-------- Data

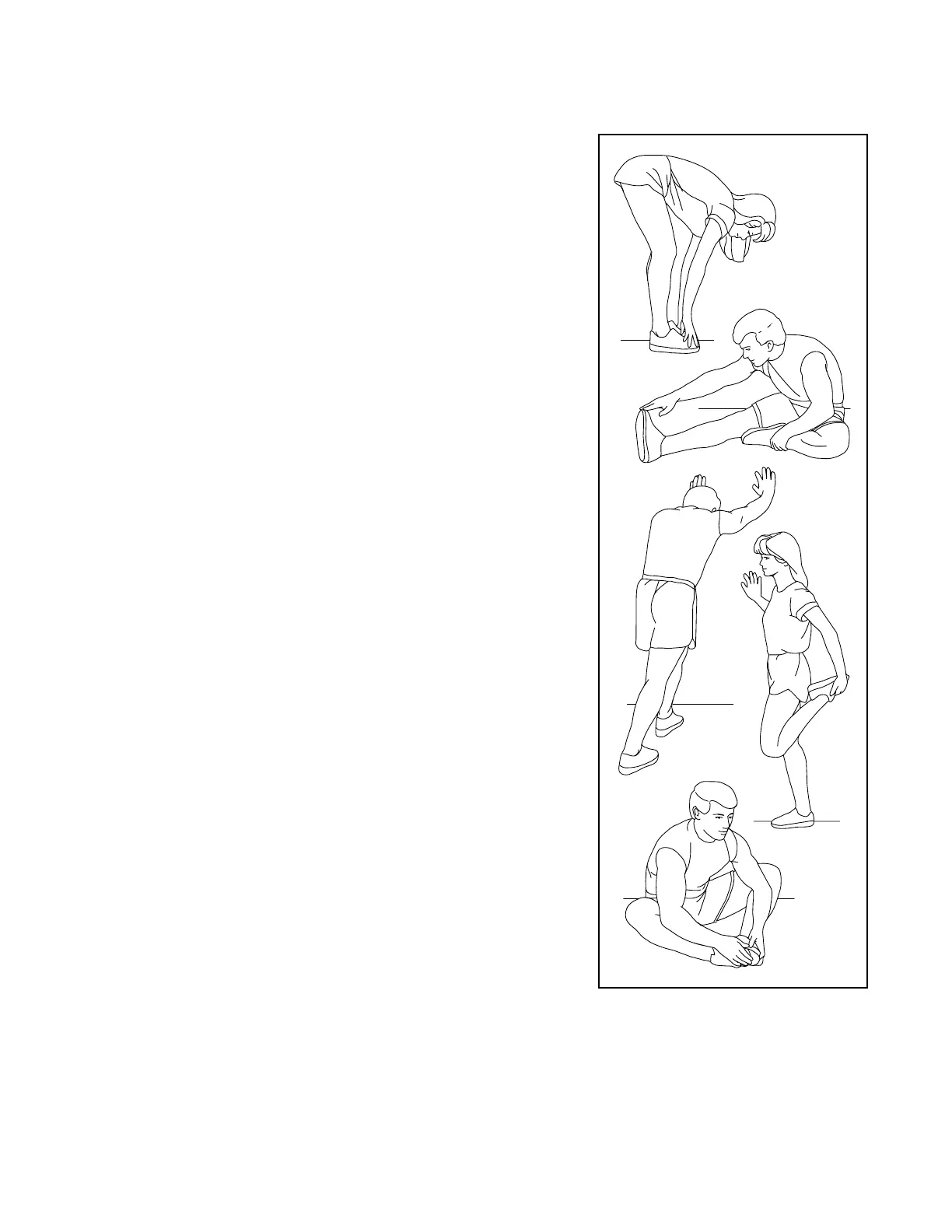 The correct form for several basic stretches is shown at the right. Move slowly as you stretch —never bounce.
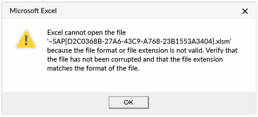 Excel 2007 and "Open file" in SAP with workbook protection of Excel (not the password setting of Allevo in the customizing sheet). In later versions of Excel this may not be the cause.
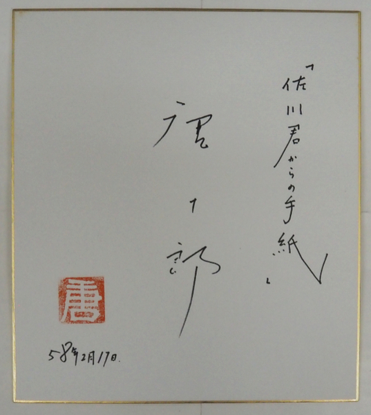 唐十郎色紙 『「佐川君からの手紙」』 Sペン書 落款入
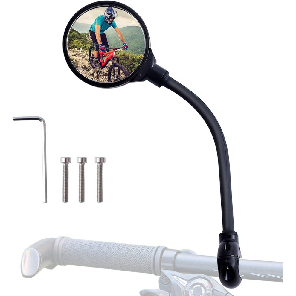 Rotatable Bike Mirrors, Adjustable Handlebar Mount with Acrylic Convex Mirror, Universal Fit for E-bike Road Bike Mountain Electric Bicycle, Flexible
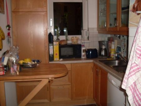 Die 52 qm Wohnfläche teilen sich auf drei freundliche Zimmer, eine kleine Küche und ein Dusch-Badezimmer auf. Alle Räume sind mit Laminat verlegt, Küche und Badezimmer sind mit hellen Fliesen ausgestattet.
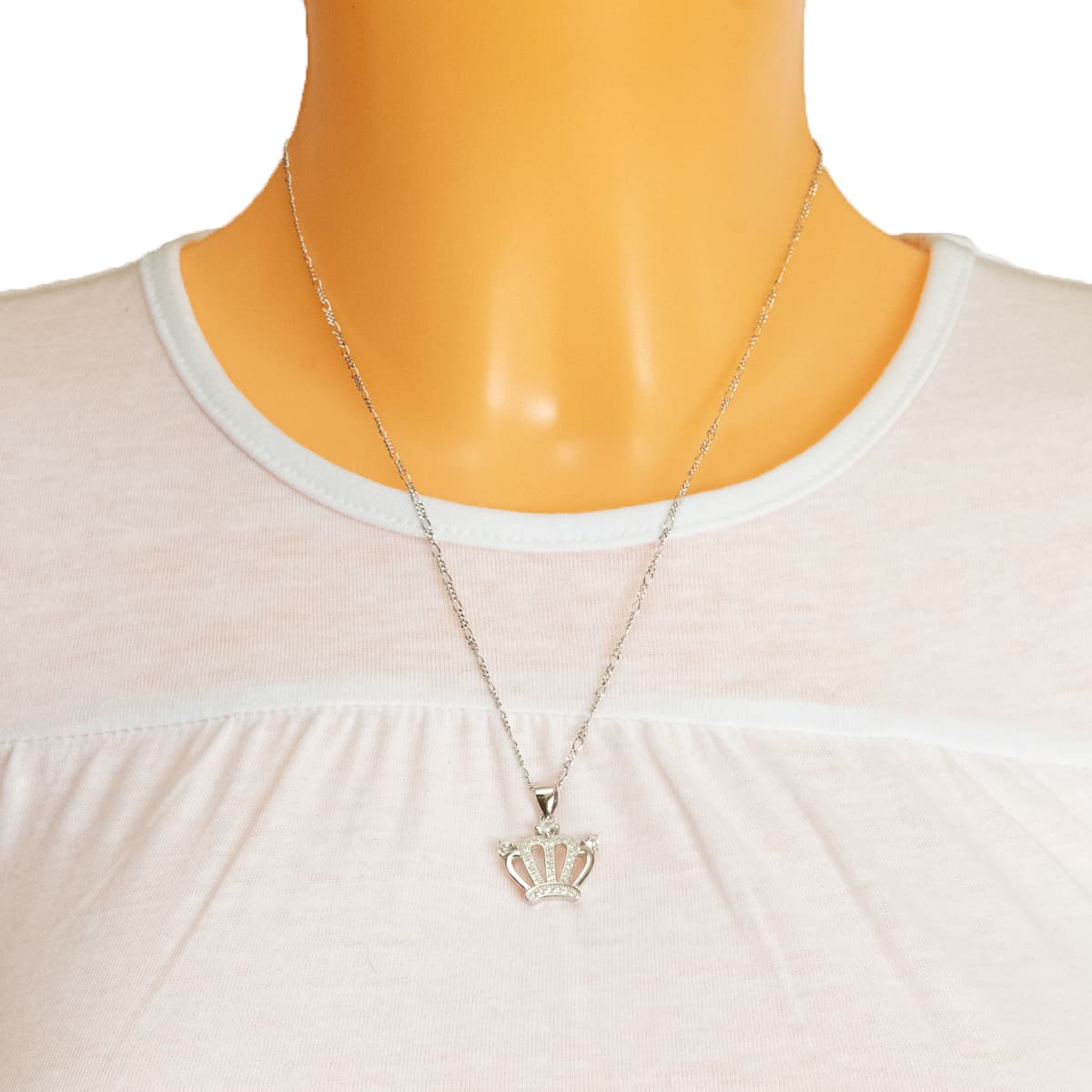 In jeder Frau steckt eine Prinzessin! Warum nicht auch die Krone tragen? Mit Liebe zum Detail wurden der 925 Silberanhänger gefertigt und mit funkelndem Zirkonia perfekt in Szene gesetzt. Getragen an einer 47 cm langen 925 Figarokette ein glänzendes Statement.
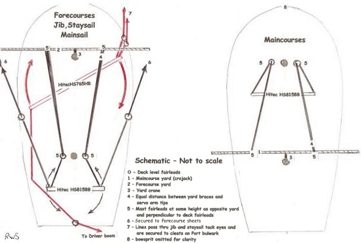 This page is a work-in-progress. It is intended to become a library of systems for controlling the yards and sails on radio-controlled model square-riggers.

----------------
-------- Data

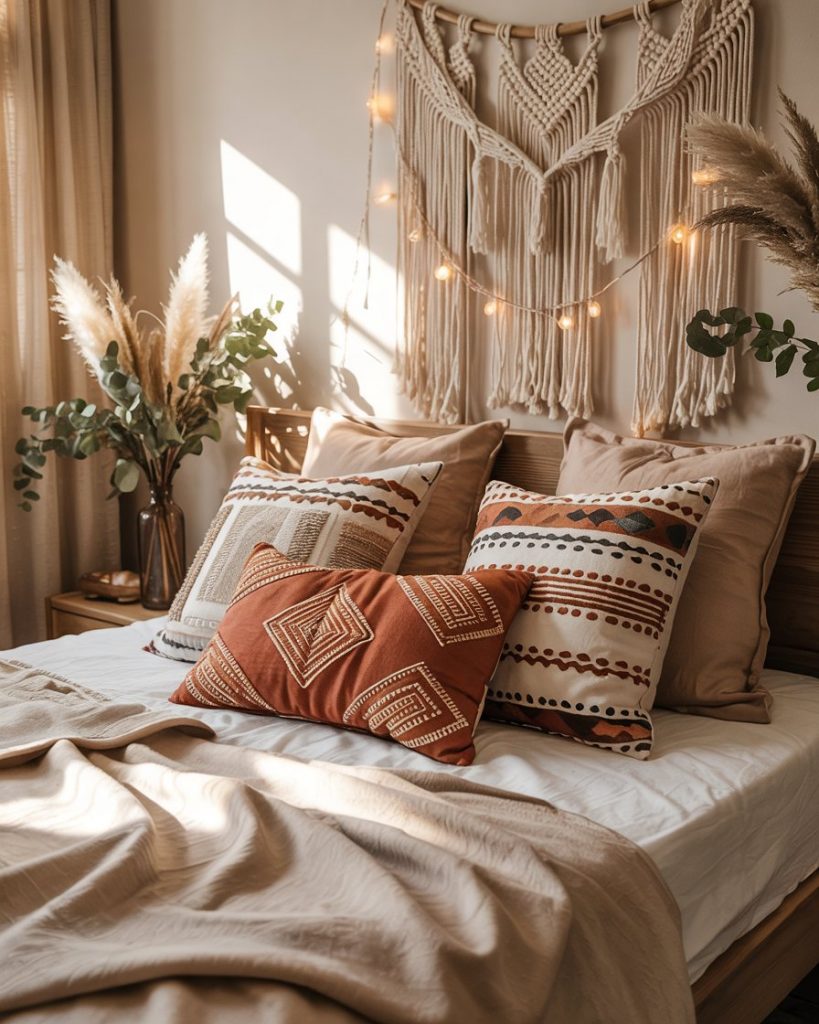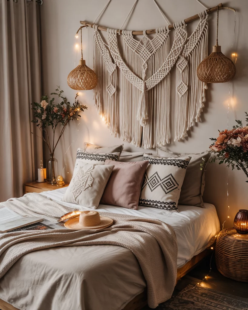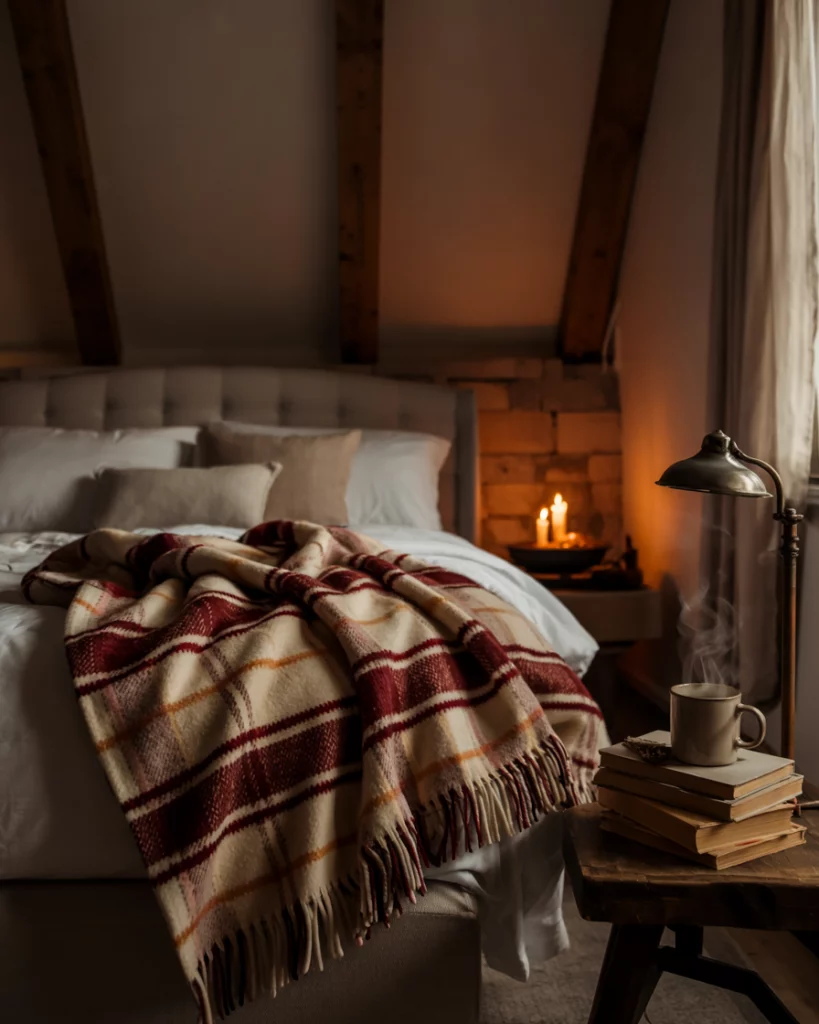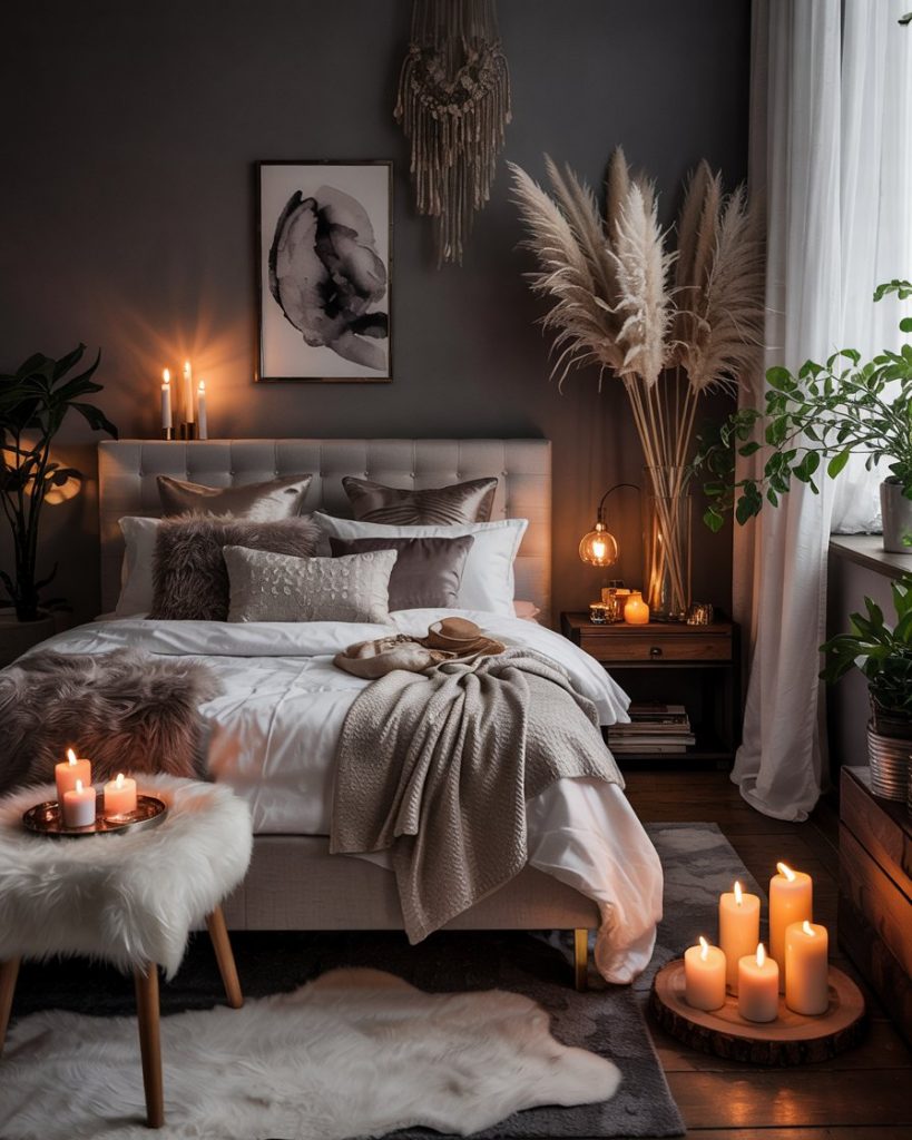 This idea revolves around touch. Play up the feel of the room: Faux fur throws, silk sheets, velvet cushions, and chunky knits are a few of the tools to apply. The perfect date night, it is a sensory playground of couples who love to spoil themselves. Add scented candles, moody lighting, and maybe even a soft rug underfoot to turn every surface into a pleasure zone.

----------------

- Task to complete -
Beginning at the line above that contains "唐十郎色紙 『「佐川君からの手紙」』 Sペン書 落款入" and going on through the line that contains "Die 52 qm Wohnfläche", please copy every line exactly, leaving the pictures out and adding nothing.

- Output of the task -
 唐十郎色紙 『「佐川君からの手紙」』 Sペン書 落款入
 Rotatable Bike Mirrors, Adjustable Handlebar Mount with Acrylic Convex Mirror, Universal Fit for E-bike Road Bike Mountain Electric Bicycle, Flexible
 Die 52 qm Wohnfläche teilen sich auf drei freundliche Zimmer, eine kleine Küche und ein Dusch-Badezimmer auf. Alle Räume sind mit Laminat verlegt, Küche und Badezimmer sind mit hellen Fliesen ausgestattet.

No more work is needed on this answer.